## DATASET EXCERPT
══════

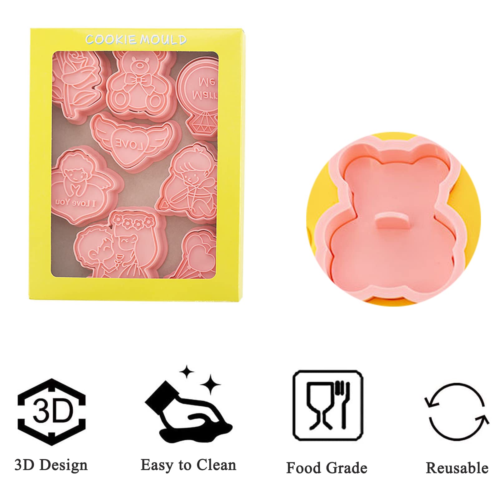 Lustige Plätzchen Ausstecher 8 Stück Tier Ausstechformen, 3D Tierform Prägeausstechformen Plätzchen Ausstecher Kunststoff Ausstecher Kunststoff Tiere, 8 Stück Kunststoff Ausstechformen, Kinder Und alle Ausstechformen können wiederverwendbar und langlebig sein, kein Ausbleichen, keine Verformung, langer Service. 💕TOLLE GESCHENKIDEE: Um die Freude am DIY-Dessert zu teilen AOOGON Valentinstag Ausstecher Set ist eine gute Wahl, tolles Geschenk an Freunde, Familie, Valentinstag und Partys. 💕HOCHWERTIGE AUSSTECHFORMEN SET: Hergestellt aus lebensmittelechtem Kunststoff, Valentinstag Themenformen, lustig und sicher, langlebig und wiederverwendbar. 💕MULTI-ANWENDUNGEN: Alle Keksschneider für den Valentinstag können zum Backen, Keksschneider, Brotschneider, Weichobstschneider, Kreppschneider und so weiter verwendet werden. 💕8 VALENTINSTAG PLÄTZCHEN AUSSTECHER SET: Verschiedene Muster, die speziell für den Valentinstag entworfen wurden, geben Ihren Lieben eine unvergessliche Erinnerung und überraschen Sie mit einem handgemachten Keks Geschenke an diesem Valentinstag! Die herzförmigen Ausstechformen sind perfekt zum gemeinsamen Backen von Keksen oder Kuchen und eine ideale Ergänzung für Ihre Backsammlung - für einen Hauch Romantik Was sollte in keiner Küche fehlen? Ausstechformen in allen möglichen Formen und Größen. Bei uns findest du eine große Vielfalt an Ausstechförmchen zu verschiedensten Themen und Anlässen. Stöbere durch unsere kreativen Plätzchen-Ausstecher für Weihnachten, Ostern oder den Kindergeburtstag 8 Stück Der Valentinstag Ausstechförmchen Set, 3D Fondant Ausstechformen, Stempel Ausstechformen Keksausstecher für Brot Fondant Schokoladen Keks AOOGON Valentinstags-Ausstechformen helfen, das Backen interessanter zu machen.
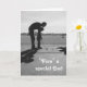 A golf-pun themed birthday card for a Dad, perfect for the father who loves golfing. The image is a nostalgic black and white photo of a dad showing his small son how to swing his golf club at a driving range. The message inside and out can both be personalized. Inside reads, "Happy Birthday to a hole-in-one Dady! We love you very much!" Photo by Letizia Morley.
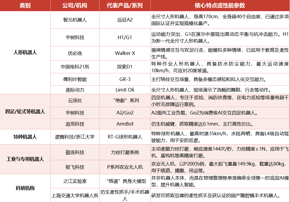 以下是根据公开信息整理的部分国内机器人领域代表企业及产品:
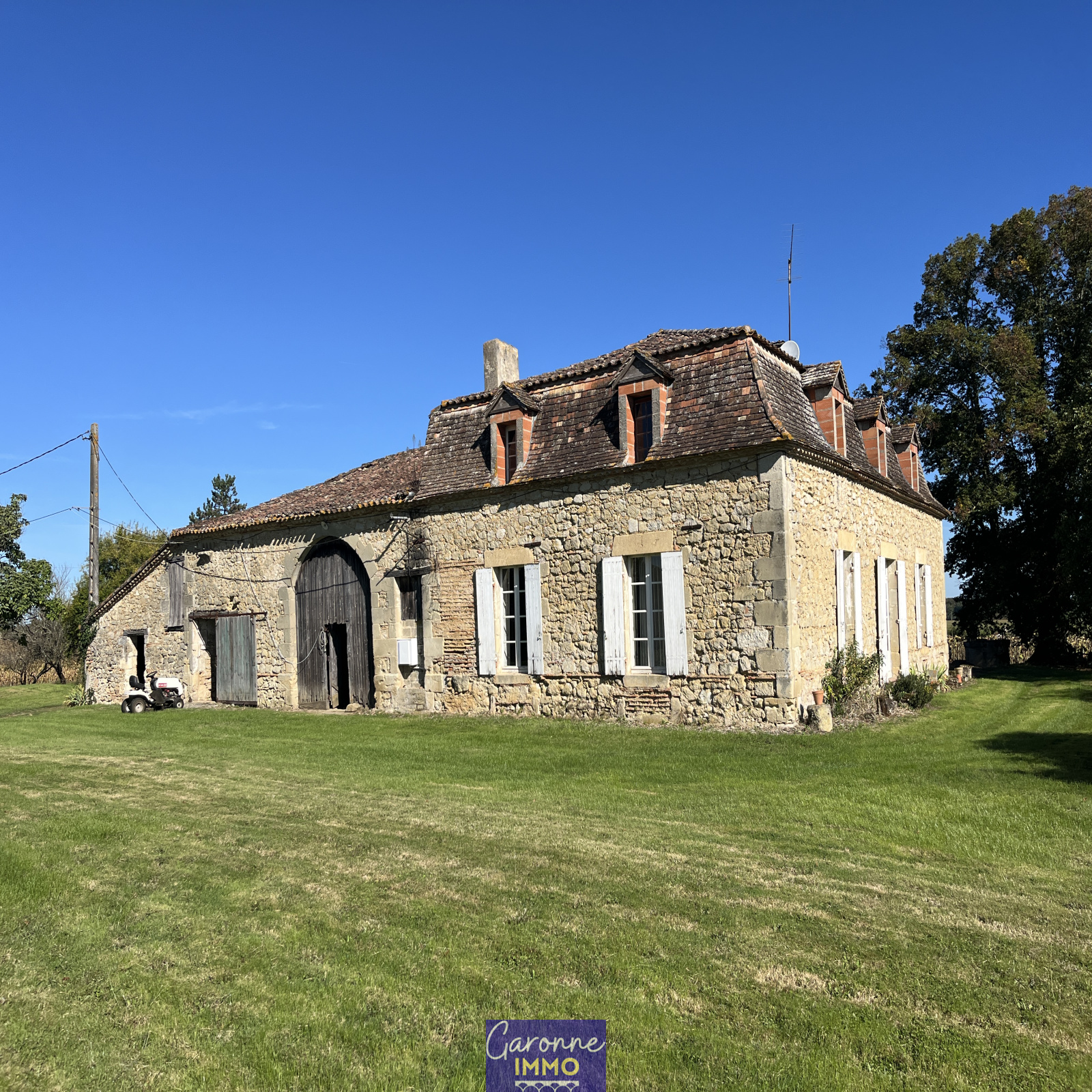 La propriété est desservie par un chemin privé, en retrait d’une route communale. Vous profiterez d’un hectare de terrain arboré, agrémenté d’arbres fruitiers. L’ensemble comprend également un séchoir à rénover, un double garage indépendant, un puits ainsi qu’une borne d’irrigation.

══════

## WORK TASK
Each line above is to be transcribed exactly, though its pictures are not.

## TASK RESULT
 Lustige Plätzchen Ausstecher 8 Stück Tier Ausstechformen, 3D Tierform Prägeausstechformen Plätzchen Ausstecher Kunststoff Ausstecher Kunststoff Tiere, 8 Stück Kunststoff Ausstechformen, Kinder Und alle Ausstechformen können wiederverwendbar und langlebig sein, kein Ausbleichen, keine Verformung, langer Service. 💕TOLLE GESCHENKIDEE: Um die Freude am DIY-Dessert zu teilen AOOGON Valentinstag Ausstecher Set ist eine gute Wahl, tolles Geschenk an Freunde, Familie, Valentinstag und Partys. 💕HOCHWERTIGE AUSSTECHFORMEN SET: Hergestellt aus lebensmittelechtem Kunststoff, Valentinstag Themenformen, lustig und sicher, langlebig und wiederverwendbar. 💕MULTI-ANWENDUNGEN: Alle Keksschneider für den Valentinstag können zum Backen, Keksschneider, Brotschneider, Weichobstschneider, Kreppschneider und so weiter verwendet werden. 💕8 VALENTINSTAG PLÄTZCHEN AUSSTECHER SET: Verschiedene Muster, die speziell für den Valentinstag entworfen wurden, geben Ihren Lieben eine unvergessliche Erinnerung und überraschen Sie mit einem handgemachten Keks Geschenke an diesem Valentinstag! Die herzförmigen Ausstechformen sind perfekt zum gemeinsamen Backen von Keksen oder Kuchen und eine ideale Ergänzung für Ihre Backsammlung - für einen Hauch Romantik Was sollte in keiner Küche fehlen? Ausstechformen in allen möglichen Formen und Größen. Bei uns findest du eine große Vielfalt an Ausstechförmchen zu verschiedensten Themen und Anlässen. Stöbere durch unsere kreativen Plätzchen-Ausstecher für Weihnachten, Ostern oder den Kindergeburtstag 8 Stück Der Valentinstag Ausstechförmchen Set, 3D Fondant Ausstechformen, Stempel Ausstechformen Keksausstecher für Brot Fondant Schokoladen Keks AOOGON Valentinstags-Ausstechformen helfen, das Backen interessanter zu machen.
 A golf-pun themed birthday card for a Dad, perfect for the father who loves golfing. The image is a nostalgic black and white photo of a dad showing his small son how to swing his golf club at a driving range. The message inside and out can both be personalized. Inside reads, "Happy Birthday to a hole-in-one Dady! We love you very much!" Photo by Letizia Morley.
 以下是根据公开信息整理的部分国内机器人领域代表企业及产品:
 La propriété est desservie par un chemin privé, en retrait d’une route communale. Vous profiterez d’un hectare de terrain arboré, agrémenté d’arbres fruitiers. L’ensemble comprend également un séchoir à rénover, un double garage indépendant, un puits ainsi qu’une borne d’irrigation.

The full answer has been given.